Today I am deciding to follow the dream I want, and to visualise this dream so that it can become my reality. Here’s an example of manifesting what it is you want and receiving it. About 6 months ago my partner and I made the decision to move out together into a unit. Rent in our area is expensive and you often don’t get much out of what you pay. The places are often old and dingy and unclean. Then we found a unit that was so uneblivingly picturesque and perfect, it made no sense that it existed. And it existed at a fraction of the cost of the others, in a prime location, was modern and new and even came with a gardener once a month! Don’t even get me started on the natural light that shines through the windows at all hours of the day…
To say I wished that our application would be successful to get this house would be an understatement. I dreamed about it constantly, I day-dreamed, I dreamed in my sleep, and I spoke about this house to my partner like we already had it. I planned where furniture would go, I planned what kind of outdoor setting we could fit in the backyard, I found a space for our pet bunnies and our turtle and I can promise you that my every waking thought was possessed by the idea of living in this house. And voila! I am writing this sitting in that exact house. When we went into the real estate agent to pick up the keys, the receptionist told us how lucky we were because the house had had over 40 applicants look through it.

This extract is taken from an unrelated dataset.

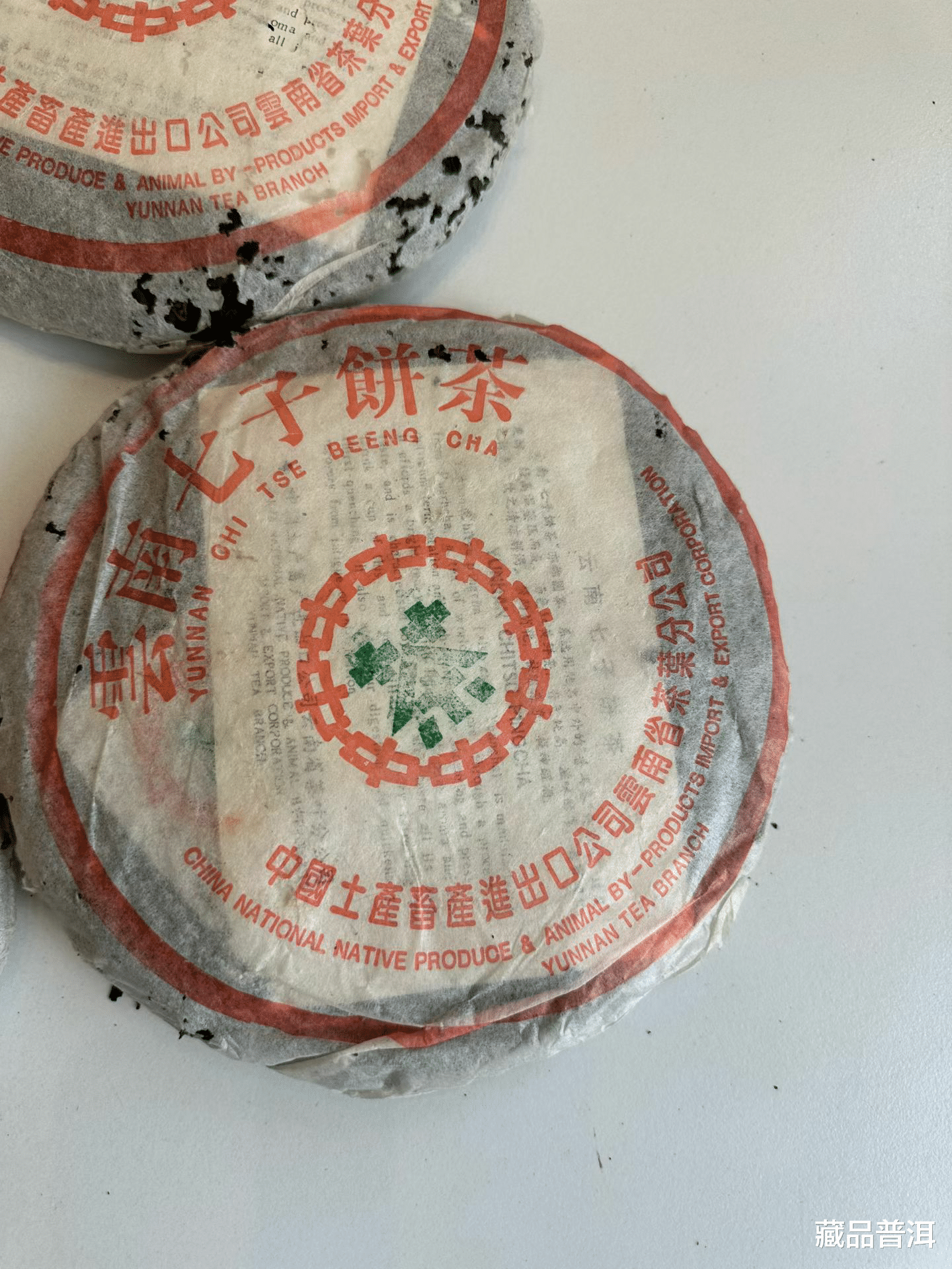 1993年7572熟饼的棉纸比较薄,透过棉纸能看到内票上的文字。茶版中间八中茶商标的“茶”字为手工盖印,每饼的盖印位置、油墨深浅均有差异,也是辨别其真伪的重要依据之一。

We are university students who are young and only just starting to find our way in the world, and I still can’t believe they gave it to us!!! Maybe it sounds silly, but I’d like to think that I visualised myself living here so much so that I manifested this house to become ours.

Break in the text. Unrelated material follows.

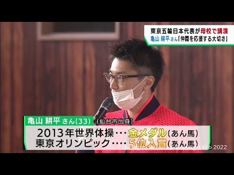 仙台市出身で東京オリンピック体操日本代表の亀山耕平さんが、母校の小学校で講演を行い仲間を応援することの大切さを伝えました。

Success comes at a cost – you have to be willing to work incredibly hard and give it your all. Sometimes you don’t realise though, that having a dream and being sure of what it is and what you want enables you to work towards that without ever consciously realising that you are doing so. I am not saying sit back and just dream and suddenly everything you wish for will come your way. I am saying that when you have a dream and you can sit down every night and feel like soon it will be a reality, that means you have already done what is required to get there. Each time you feel that little bit closer, give yourself a pat on the back and go out and treat yourself.
Only you can make your way in this world so dream big and have the courage to make those dreams your reality!